■ **Your instructions**:
Below, some lines carry pictures; leave those pictures out and retype exactly the lines from the one with "Descrição da ferramenta: OpenRead" through the one with "从始至终一直是女子在强行抱住".

■ **Listed entries**:
--- START ---
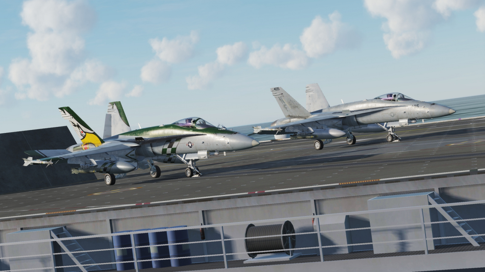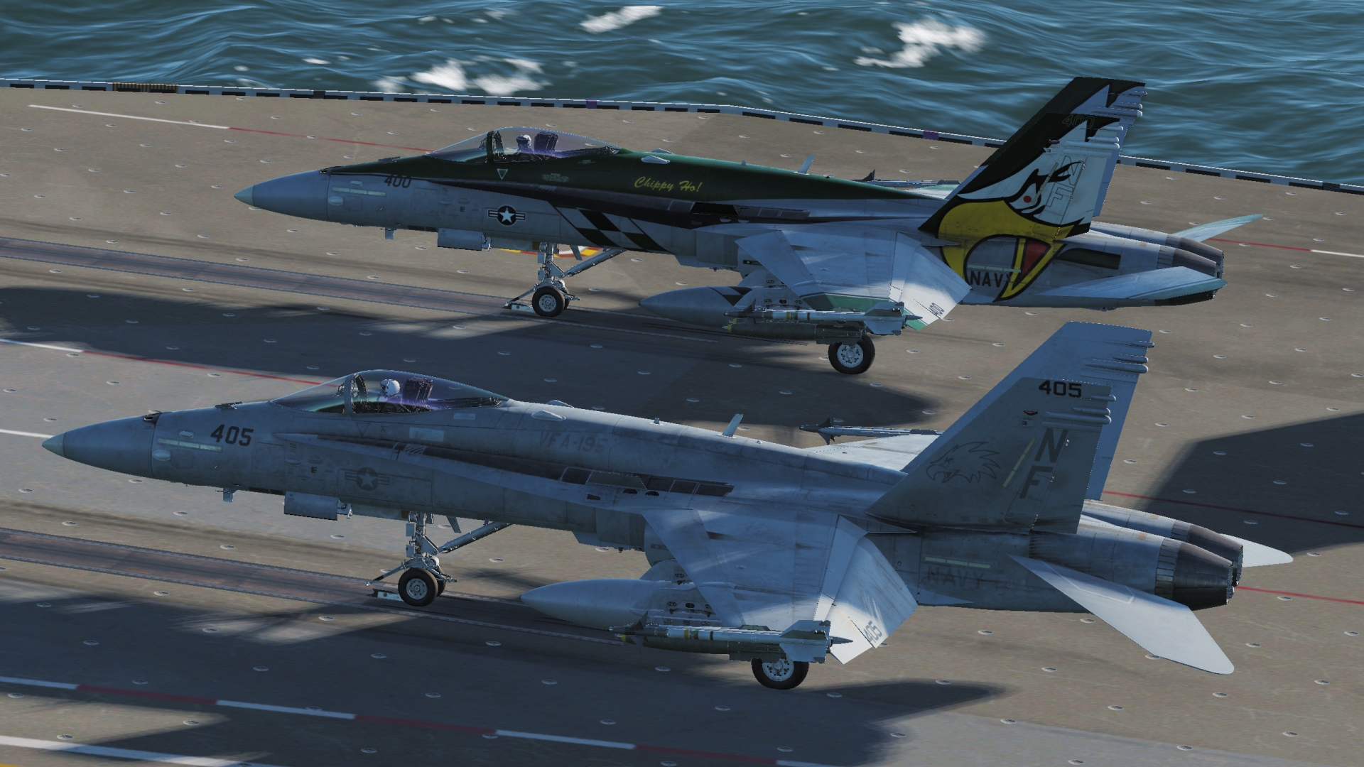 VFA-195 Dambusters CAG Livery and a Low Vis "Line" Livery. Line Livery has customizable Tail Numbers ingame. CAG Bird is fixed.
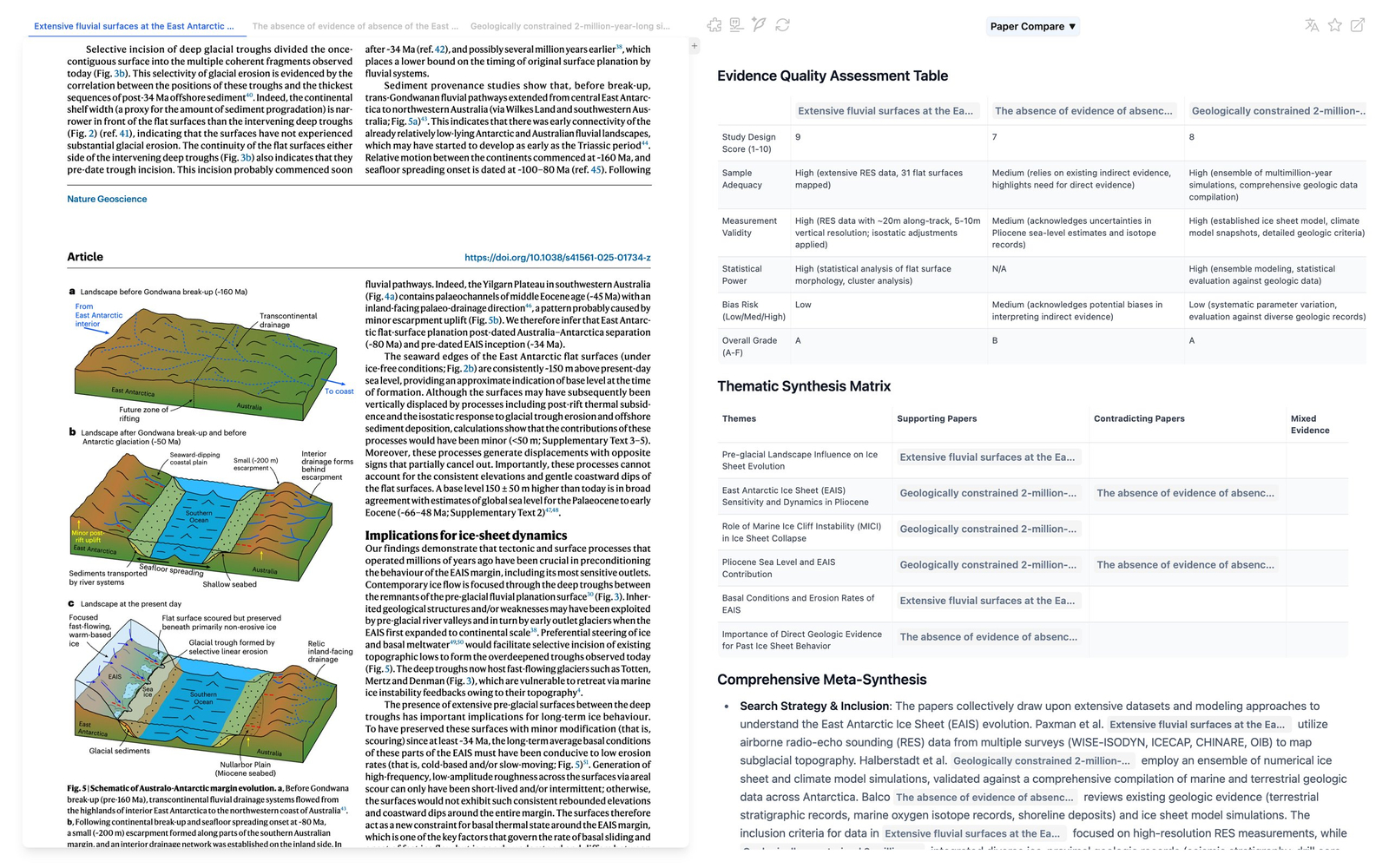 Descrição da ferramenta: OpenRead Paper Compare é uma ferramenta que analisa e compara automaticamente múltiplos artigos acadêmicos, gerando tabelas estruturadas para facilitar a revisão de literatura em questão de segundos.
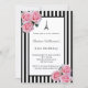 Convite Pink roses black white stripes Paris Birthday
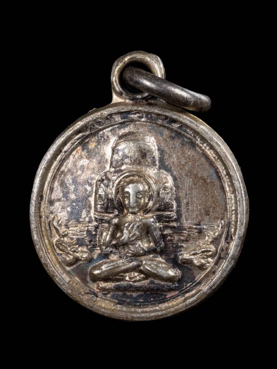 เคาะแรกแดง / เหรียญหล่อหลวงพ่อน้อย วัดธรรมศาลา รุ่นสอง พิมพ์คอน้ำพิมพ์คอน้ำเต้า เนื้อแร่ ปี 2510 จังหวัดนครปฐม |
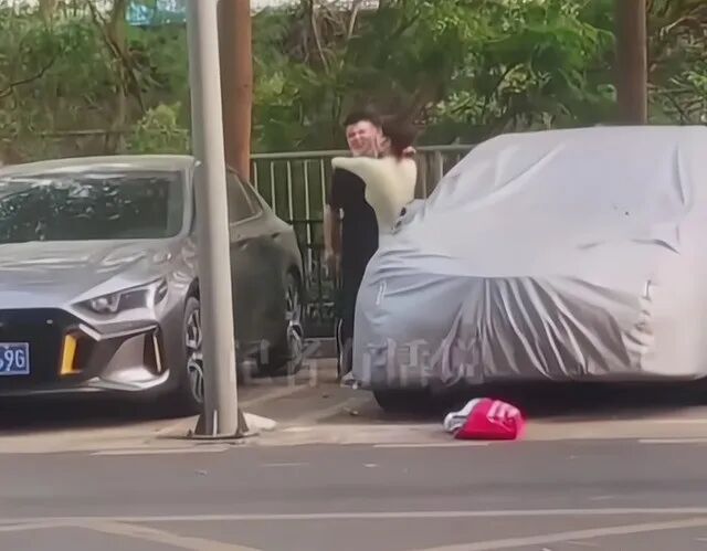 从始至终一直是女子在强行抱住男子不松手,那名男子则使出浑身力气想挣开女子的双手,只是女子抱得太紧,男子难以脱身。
--- END ---
--- START ---
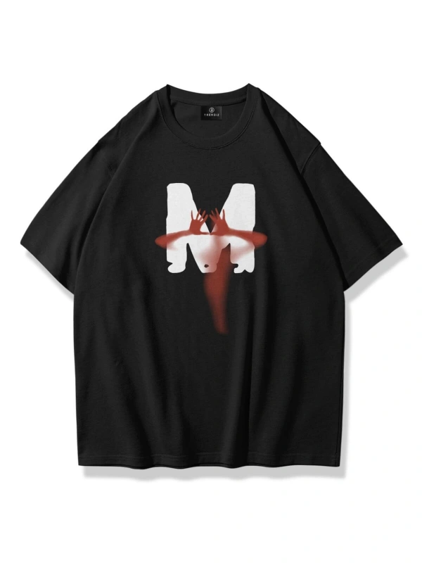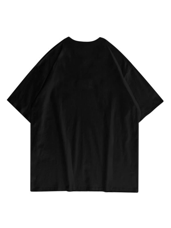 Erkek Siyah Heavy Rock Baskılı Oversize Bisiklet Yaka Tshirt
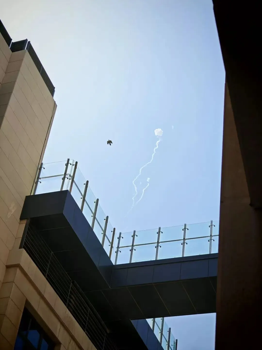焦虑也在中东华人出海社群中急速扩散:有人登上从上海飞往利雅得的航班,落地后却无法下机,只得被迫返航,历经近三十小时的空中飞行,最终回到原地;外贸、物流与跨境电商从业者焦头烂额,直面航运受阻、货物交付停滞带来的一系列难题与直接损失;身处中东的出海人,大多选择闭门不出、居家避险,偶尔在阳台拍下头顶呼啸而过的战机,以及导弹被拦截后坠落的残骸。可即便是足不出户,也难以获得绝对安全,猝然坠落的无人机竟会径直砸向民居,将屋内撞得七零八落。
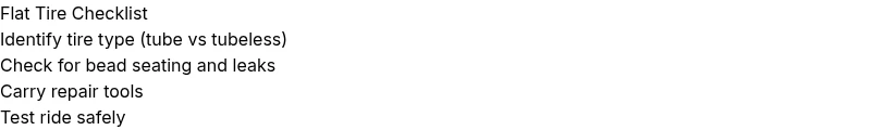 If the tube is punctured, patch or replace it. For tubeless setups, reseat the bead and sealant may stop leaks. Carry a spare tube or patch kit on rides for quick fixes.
--- END ---
■ **Completed task**:
 Descrição da ferramenta: OpenRead Paper Compare é uma ferramenta que analisa e compara automaticamente múltiplos artigos acadêmicos, gerando tabelas estruturadas para facilitar a revisão de literatura em questão de segundos.
 Convite Pink roses black white stripes Paris Birthday
 เคาะแรกแดง / เหรียญหล่อหลวงพ่อน้อย วัดธรรมศาลา รุ่นสอง พิมพ์คอน้ำพิมพ์คอน้ำเต้า เนื้อแร่ ปี 2510 จังหวัดนครปฐม |
 从始至终一直是女子在强行抱住男子不松手,那名男子则使出浑身力气想挣开女子的双手,只是女子抱得太紧,男子难以脱身。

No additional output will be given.